======== RECORDED INFORMATION
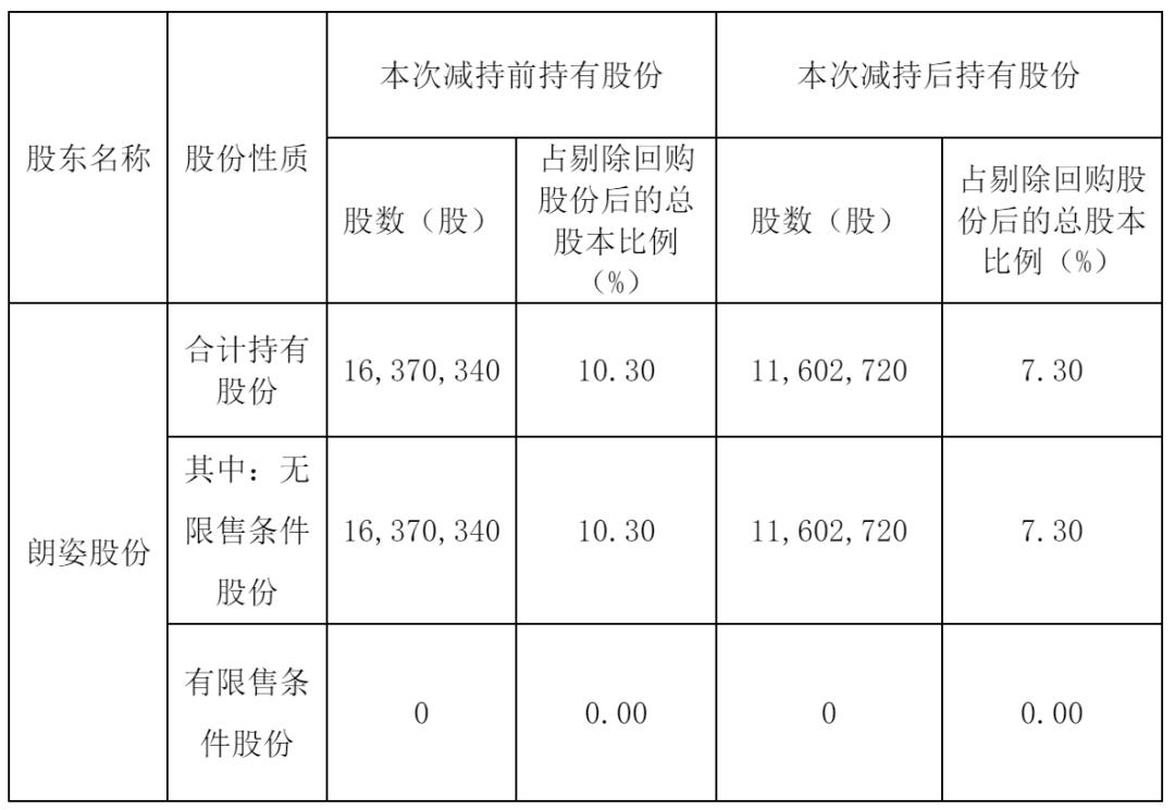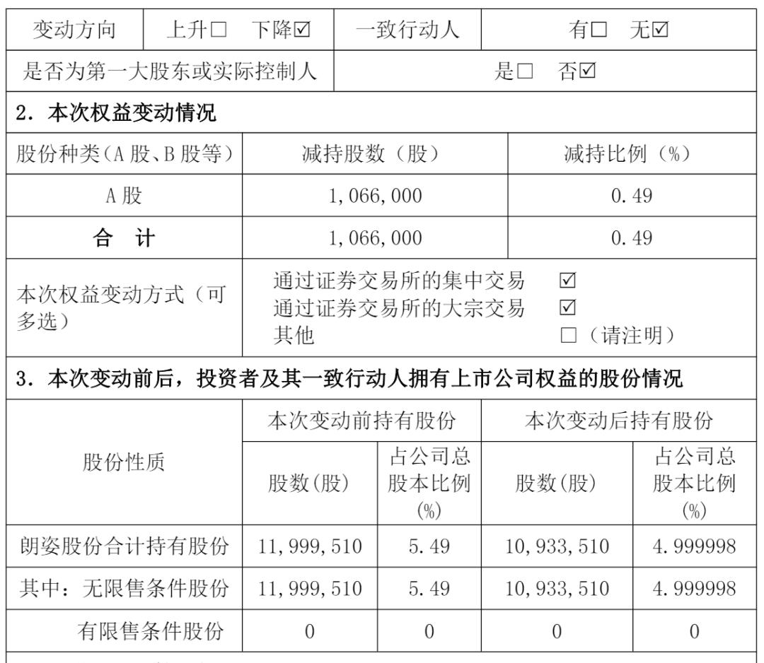 本次权益变动后,朗姿股份持有若羽臣股份数量10,933,510股,约占若羽臣总股本4.999998%,持股比例降至5%以下,不再是持股5%以上股东。
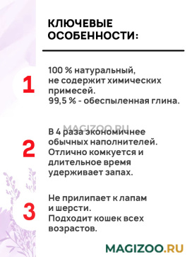Комкующийся наполнитель из 100 % чистого бентонита, добывающегося на карьерах Турции. Не пылит, лапки Вашего питомца всегда останутся чистыми.
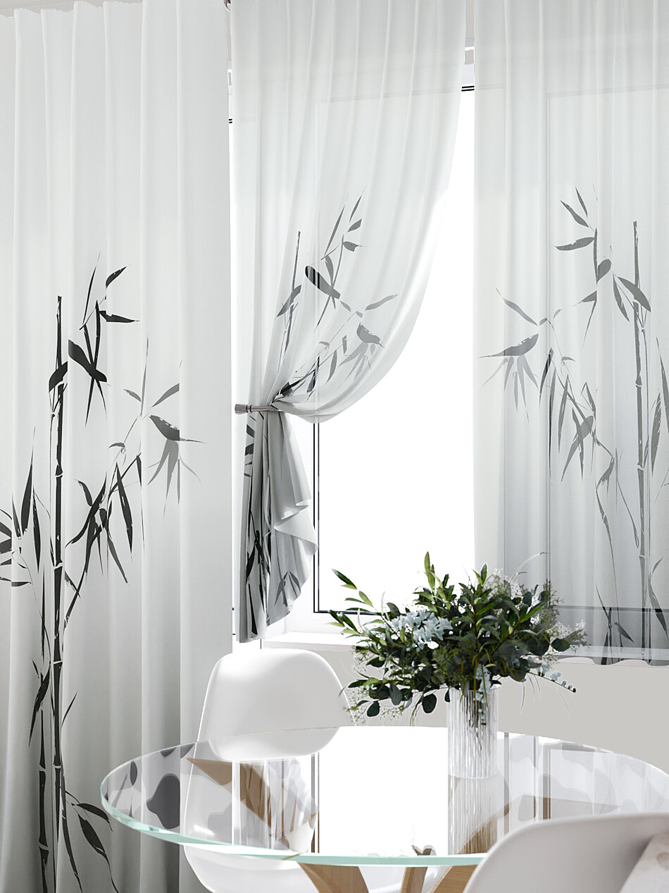 Тюль с черным рисунком
================
EXERCISE AIM: Find the line with "Комкующийся наполнитель из" in the listing and extract it and all lines after it through the end, exactly, without the pictures.

ANSWER TO THIS EXERCISE:
Комкующийся наполнитель из 100 % чистого бентонита, добывающегося на карьерах Турции. Не пылит, лапки Вашего питомца всегда останутся чистыми.
 Тюль с черным рисунком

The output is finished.